By analyzing the GSEA of STK17A, we found that it is closely related in ncrna metabolic process, complement and coagulation cascades and other pathways.

Non-coding RNA molecules known as transfer RNAs (tRNAs) are necessary for the function for protein synthesis. They undergo significant modification to enhance their folding, stability, and function after transcription. TRNA modifications protect or induce the cleavage of tRNAs into repressive small ncRNAs [28].Non-coding RNAs (ncRNAs) comprise long non-coding RNAs (lncRNAs) and small non-coding RNAs (miRNAs), both of which are involved in regulation and are a component of the epigenome [29].This is consistent with our study described above, demonstrating that STK17A influences development in OSA-related DM disease.
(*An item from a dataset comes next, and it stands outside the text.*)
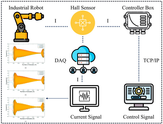 Data collection is facilitated by equipping the robot with sensors on each of its six axes. WCS6800 Hall-effect sensors are used to record electric current data for MCSA analysis. These embedded sensors are attached to the first, second, and third arms of the robotic motors, as well as on all six axes. To comprehensively monitor the robot’s performance, 18 sensors are installed to capture data across all phases of the fault induction process. These sensors interface with NIDAQ 9230 data acquisition modules, with the acquired data being systematically stored on a PC for in-depth analysis. Figure 3 provides a schematic of data acquisition setup, which consists of a control unit, DAQ modules, a function generator for precise signal calibration, Hall-effect sensors for current measurement, and a PC for data processing. Figure 3 demonstrates the connectivity between these components that facilitates seamless data flow.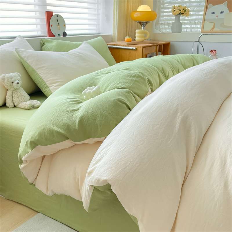 纯色水洗棉四件套学生宿舍三件套单双人被套床单床笠床上用品

Complement and coagulation cascades pathway plays a crucial role in the maintenance of immune health. There is a higher level of complement C3 in the peripheral blood of OSA, which indicates the presence of tissue damage and inflammatory responses in patients [30], whereas complement C3 is the most important component of the complement system and an intermediate link in the activation pathway, the final lysis of the membrane-forming complex [31]occurs through cytolysis. Studies have shown that elevated C3 in patients with OSA may be associated with glucose metabolism [32].This further illustrates the crucial role that the immune system plays in the development and progression of DM and OSA.

To better understand the relationship between immune function and the disease, we conducted a comprehensive examination of immune cell infiltration in OSA. In our study, the proportion of CD8 T-cell infiltration was significantly higher in the OSA group than in the control group, and the proportion of CD4 T-cell infiltration was slightly lower. The primary function of CD4 + T cells is to enhance and amplify the immune response by secreting lymphokines. In contrast, CD8 + T cells suppress the functions of T lymphocytes and B lymphocytes, thereby dampening the immune response to maintain immune balance [33]. Some studies have shown that in patients with OSA, there is a significant increase in peripheral blood CD8 + cells and a decrease in CD4 + cells and the CD4+/CD8 + ratio. However, other research indicates an increase in both CD4 + and CD8 + cell counts in OSA patients, suggesting variability in findings. Nevertheless, it is undeniable that the immune function in OSA patients is impaired [34]. Immune cell infiltration in OSA is strongly linked to the hub gene STK17A, suggesting that potential biomarkers may interact with immunological pathways to exacerbate OSA. Thus, a thorough grasp of the immunological pathways linked to OSA is crucial for the creation of novel prognostic or diagnostic biomarkers as well as therapeutic targets for the condition. Meanwhile, we found that the expression of STK17A was increased in both OSA and DM, suggesting that STK17A may play a role in promoting disease progression, and may become a molecular marker for the treatment of OSA and DM by inhibiting the expression of STK17A. Interestingly, previous studies have identified that targeting and regulating STK17A can inhibit the proliferation, invasion, and migration of cervical cancer cells [35]. Based on these findings, STK17A’s therapeutic potential may make it a viable drug target for treating OSA and DM. It is hypothesized that intervention targeting STK17A could affect disease onset and progression in OSA and DM patients, ultimately improving their prognosis.

Our study also has some shortcomings. The expression level of STK17A may need further verification by protein blotting or immunohistochemistry. And due to the limitation of sample capacity, the column-line diagram model may need further examination before clinical application.

Conclusion

In summary, our study identifies STK17A as a crucial diagnostic biomarker for the shared molecular pathways between OSA and DM. The genes involved are linked to oxidative stress and neuroregulation, suggesting potential therapeutic targets. Immune cell analysis reveals STK17A’s complex role in both conditions. These insights enhance our understanding of the diseases and offer valuable directions for future research and clinical use.